# How My 'Sona Came to Be



## Tetrachroma (Aug 19, 2016)

Howdy, guys! I suddenly felt inclined to explain the reasoning behind choosing a deer as my 'sona. You see, many people would choose a species that they find cool-looking or choose one that has an interesting personality. But like some others, I have a lot of personal experiences behind my choice. So sit back, grab some popcorn, and settle in, because this is a long one!

*The first reason:*
I've always had this subconscious connection to deer. Nothing empathetic or anything like that. Just whenever I see or think of a deer, it always feels as though I'm looking at a physical manifestation of my internal mind, the mind that is always active, though I can never seem to express.

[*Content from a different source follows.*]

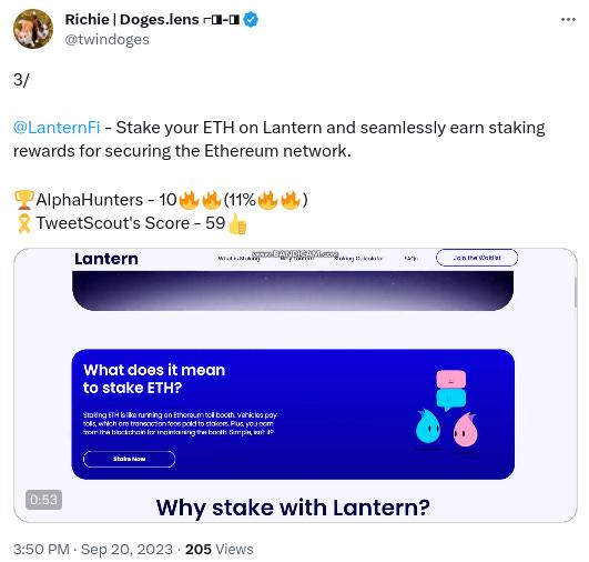 -New project called @LanternFi. Twitter bio states “Staking doesn't have to be scary (coming soon!)”. h/t @twindoges:

Externally, I'm either a painfully awkward, distanced guy with social anxiety, or a loud, goofy idiot with not a single crap to give (Evidence can be found here). However internally, I feel like I'm one with nature. While an area with lots of trees will seem like nothing more than an area with lots of trees to most people, I can almost feel the life flowing through those trees. Have you ever felt or even heard a slight difference in the air when someone enters a room, even when they're being completely silent? That's what it feels like for me when surrounded by nature.

*The second reason:*
Some of the more visible aspects of myself can be compared to that of a deer;

For one, I'm a very relaxed, easygoing guy. I hardly get angry at things. Even in the rare events where I'm _furious_, it seems like relaxing and letting the situation go is the easiest thing in the world to do. That residual anger and frustration doesn't stick around if I let it sit. It just _disappears_. My friends often remark at how much _nothing _gets to me, one friend even calling me "weed-chill".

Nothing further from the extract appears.